Mississauga Eagles FC
- Full name: Mississauga Eagles Football Club
- Nickname: Eagles
- Founded: 2010
- Stadium: Hershey Field Mississauga, Ontario
- Owner(s): Erin Mills Soccer Club
- GM: Susan Rossiter
- Coach: Alex Szczotka
- League: Canadian Soccer League
- 2013: Regular season: 7th Playoffs: Quarter-finals
- Website: www.mississaugaeaglesfc.com
| Home colours | Away colours |

= Mississauga Eagles FC =

Mississauga Eagles FC were a Canadian professional soccer team founded in 2010 that played in the Canadian Soccer League for two seasons. The Eagles were owned and operated by the Erin Mills Soccer Club and played at the Mississauga Hershey Field in the city of Mississauga, Ontario. In 2013, Erin Mills SC withdrew their franchise from the league after the CSA no longer decided to sanction the CSL.

==Erin Mills SC==
The professional club was founded by the Erin Mills Soccer Club. Erin Mills SC was founded in 1972 and operates as a youth soccer club.

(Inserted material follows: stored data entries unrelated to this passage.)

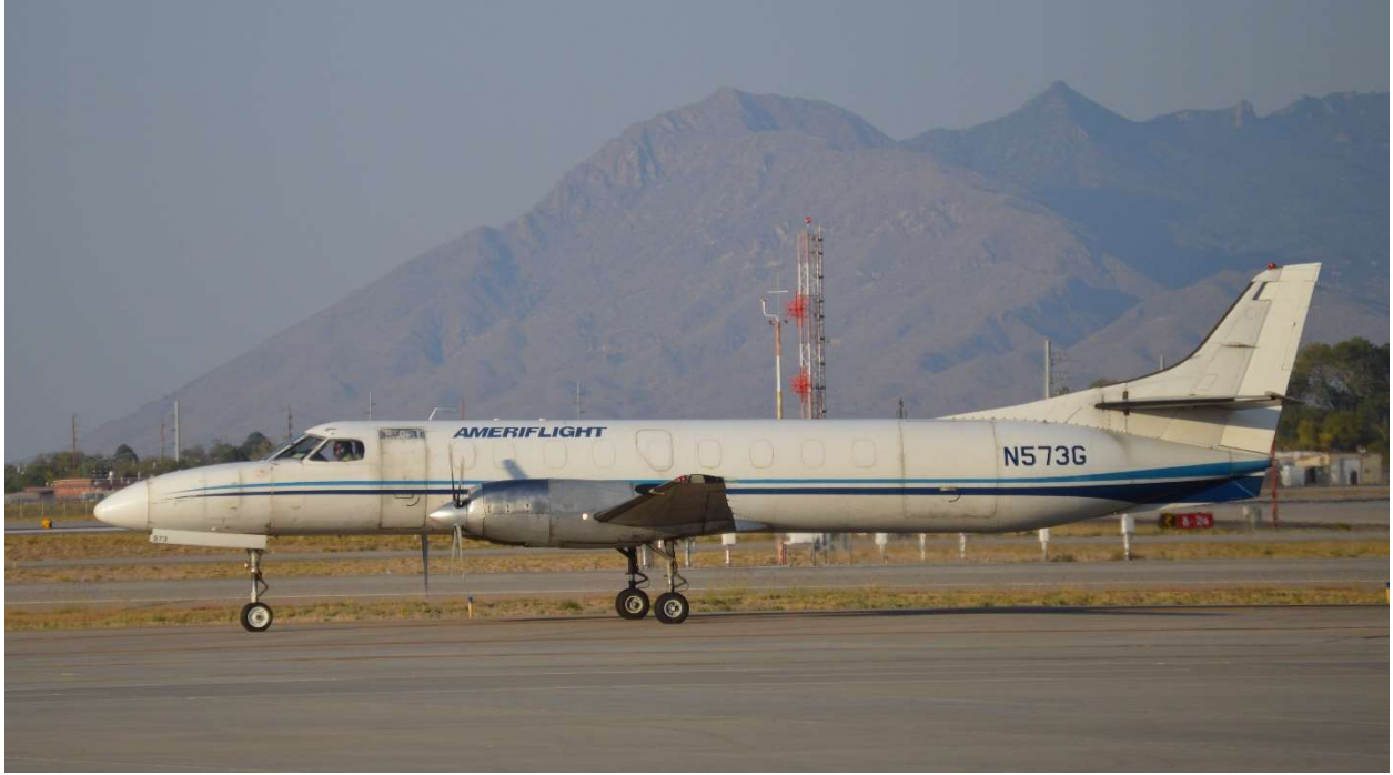
Ameriflight Swearingen Metroliner at the Albuquerque Sunport.
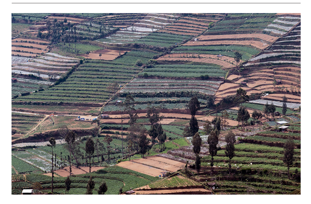
Figure 5. Stripes and Patches of Terraced Landscape Vegetables.
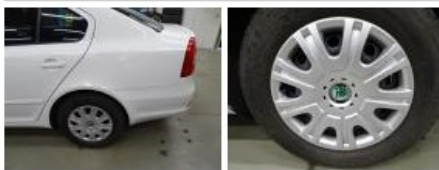
Wing R L, Bad repair, Acceptable 0,00

The club is commonly known by the name Erin Mills Eagles.

==History==
During the championship match of the 2010 CSL season, the former president of the league, Dominic Di Gironimo, announced that four expansion teams would begin play in 2011: Ottawa, Kitchener, Pickering (Pickering Power), and Erin Mills in Mississauga. On January 3, 2011, the Erin Mills Soccer Club, home of the Erin Mills Eagles, announced that it would be holding open tryouts for the newly revealed CSL expansion club Mississauga Eagles FC. The announcement also revealed the organization would field a CSL Reserve Team and Ontario Soccer League (OSL) senior men's team of the same name.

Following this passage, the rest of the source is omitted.